__Data shown__.
───

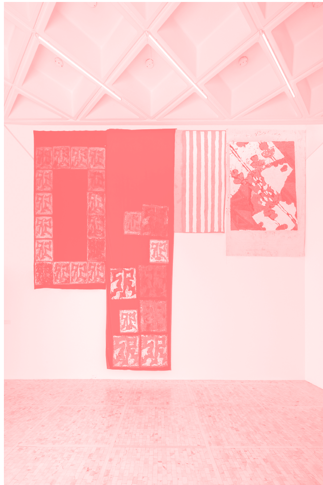
SR LAUNDRY, 2019 Lino, algodón, pintura textil inflable

En cierto sentido, es como si las piezas de arte crearan imágenes a través del verso libre. No existe materia o ritmo regular, se basa en pausas y frases naturalmente rítmicas. Ekblad ha señalado que “A veces las obras nacen de la escritura: los títulos de las obras vienen de poemas, y a veces los poemas se moldean en canciones y se esconden dentro de pinturas”. Esto es notorio en obras que usan una tipografía clásica para escribir poesía caótica, como en el caso de Sportswear , 2019 ( Ropa deportiva ) o en el ejemplo contrario con Liar Liar , 2017 ( Mentiroso, mentiroso ), en donde las letras con el estilo grafiti son colocadas en un lienzo de lino tradicional.
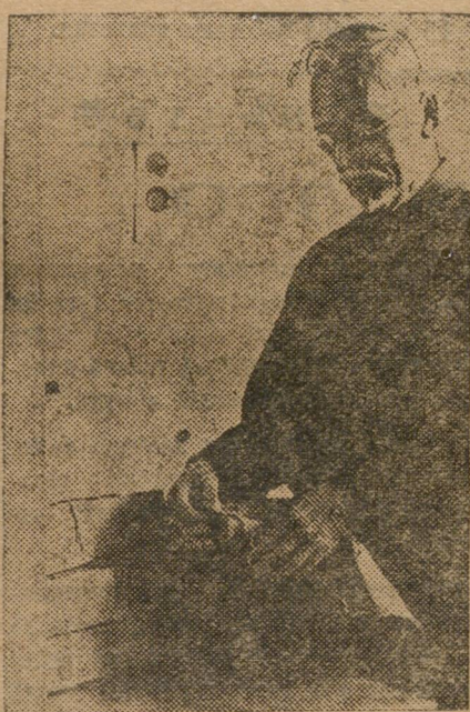
В Облфинотделе упаковывают облигации для рассылки в округа.

───

__Exercise goal__.
Word for word, write out the full listing, leaving the pictures aside.

__Task result__.
SR LAUNDRY, 2019 Lino, algodón, pintura textil inflable

En cierto sentido, es como si las piezas de arte crearan imágenes a través del verso libre. No existe materia o ritmo regular, se basa en pausas y frases naturalmente rítmicas. Ekblad ha señalado que “A veces las obras nacen de la escritura: los títulos de las obras vienen de poemas, y a veces los poemas se moldean en canciones y se esconden dentro de pinturas”. Esto es notorio en obras que usan una tipografía clásica para escribir poesía caótica, como en el caso de Sportswear , 2019 ( Ropa deportiva ) o en el ejemplo contrario con Liar Liar , 2017 ( Mentiroso, mentiroso ), en donde las letras con el estilo grafiti son colocadas en un lienzo de lino tradicional.
В Облфинотделе упаковывают облигации для рассылки в округа.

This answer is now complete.